STORED DATA:
++++++
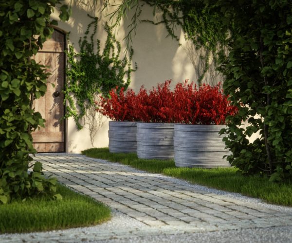 Donice z ultra betonu w ogrodzie
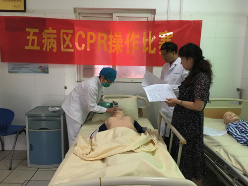 五病区收治疾病多为疑难危重的感染性疾病,病情复杂多变,医护人员经常面临抢救情况,心肺复苏术的熟练掌握对医护人员来说尤为重要,为进一步掌握心肺复苏术的核心理论和技能操作技巧,9月17日,五病区组织医护人员心肺复苏技能竞赛。由徐静、赵俊奖主任担任评委,全体医护人员参加。
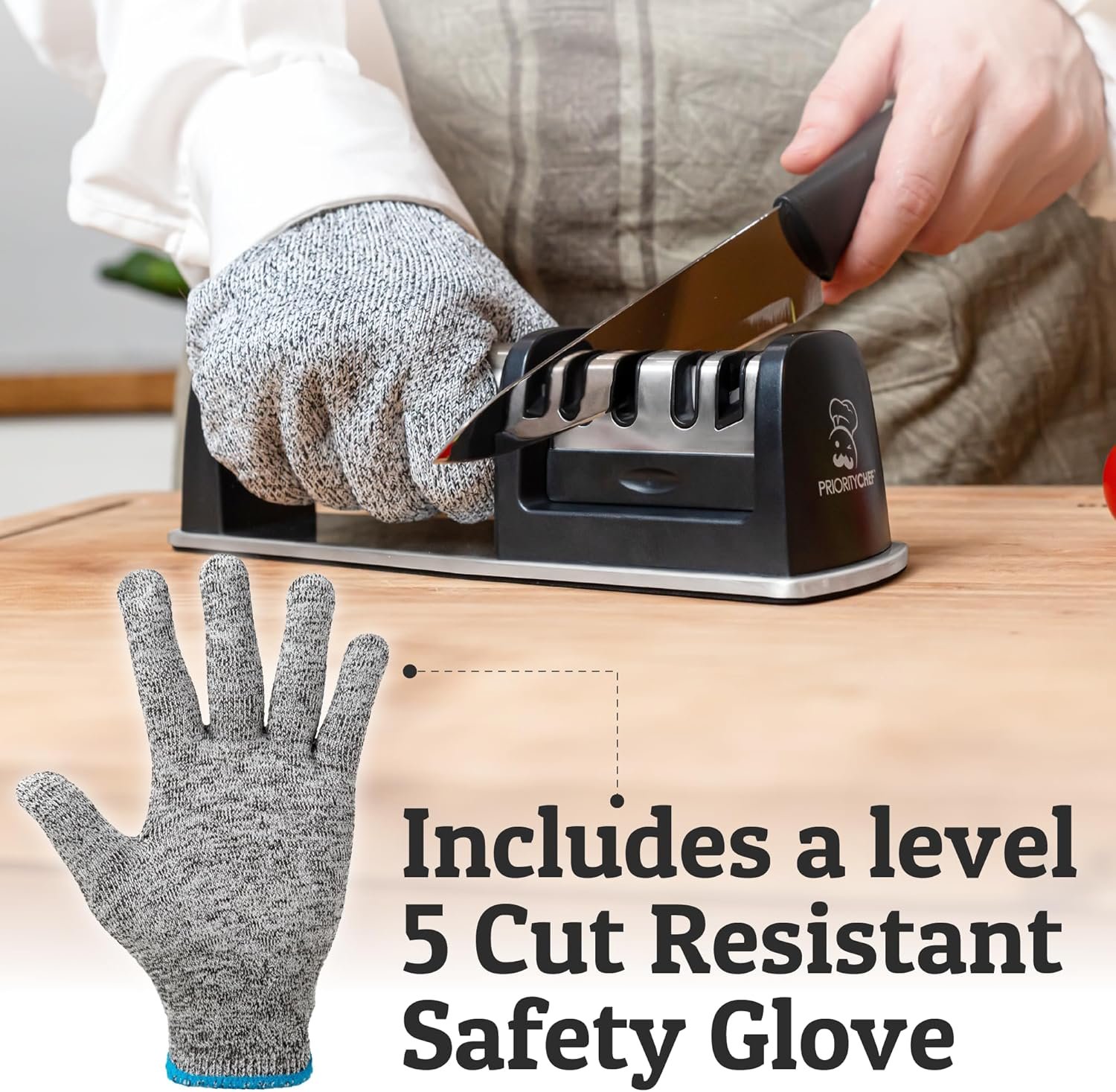 Level 5 Cut Resistant Glove Included: Our diamond knife sharpeners best design features include a comfortable grip for safe control and a soft cushioned base. To make it complete, we added a bonus safety glove and a set of instructions for your knife sharpening needs.
++++++
WORK TO COMPLETE: Output every line above exactly as it stands, and drop any picture.

EXPECTED ANSWER:
 Donice z ultra betonu w ogrodzie
 五病区收治疾病多为疑难危重的感染性疾病,病情复杂多变,医护人员经常面临抢救情况,心肺复苏术的熟练掌握对医护人员来说尤为重要,为进一步掌握心肺复苏术的核心理论和技能操作技巧,9月17日,五病区组织医护人员心肺复苏技能竞赛。由徐静、赵俊奖主任担任评委,全体医护人员参加。
 Level 5 Cut Resistant Glove Included: Our diamond knife sharpeners best design features include a comfortable grip for safe control and a soft cushioned base. To make it complete, we added a bonus safety glove and a set of instructions for your knife sharpening needs.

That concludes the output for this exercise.